Kabinettbeschluss gegen Hasskriminalität

Das Maßnahmenpaket gegen Hass und Menschenfeindlichkeit, das nun vom Kabinett beschlossen wurde, begrüße ich sehr!

Unter anderem wurde eine Meldepflicht für Hassnachrichten im Internet beschlossen. Morddrohungen und Volksverhetzung sollen soziale Netzwerke künftig dem Bundeskriminalamt melden müssen. Kommunalpolitiker und Notfallmediziner sollen durch Gesetzesverschärfungen vor Übergriffen und Beleidigungen geschützt werden.

Die Schwelle für aggressive Beleidigungen und gewalttätige Aktionen scheinen innerhalb unserer Gesellschaft in den letzten Jahren gesunken zu sein. Schiedsrichter streiken deswegen, Notfallmediziner und Hilfskräfte werden immer häufiger Opfer von Angriffen. Auch Kommunalpolitiker sind Ziel von Verleumdungen und tätlichen Übergriffen. Ich halte diese Entwicklung für sehr bedenklich und verurteile alle aggressiven und gewalttätigen Formen der Meinungsäußerung. Demokratie lebt davon, dass man Argumente austauscht, selbstverständlich auch über Themen streitet, aber immer mit Respekt vor einer anderen Sichtweise und nie auf persönlicher Ebene.
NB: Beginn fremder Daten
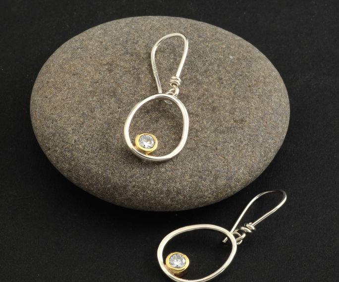 Dainty little irregular oval silver hoops with a 0.17ct moissanite set in 9ct gold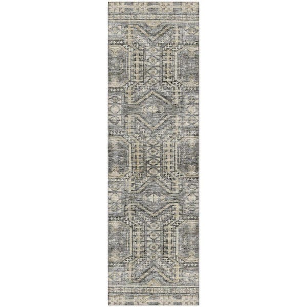 Mayfield Premium Machine Washable Abstract AMF1920 Pewter 2 ft. x 7 ft. Runner Rug

Die Ankündigung der Weiterfinanzierung des Förderprogrammes „Demokratie leben!“ sehe ich auch als sehr wichtig an. Damit werden über 4000 Projekte, unter anderem Jugendhilfeprojekte, gefördert. Prävention und eine gute Betreuung im jungen Alter sind der beste Weg gegen Gewalt und Hass!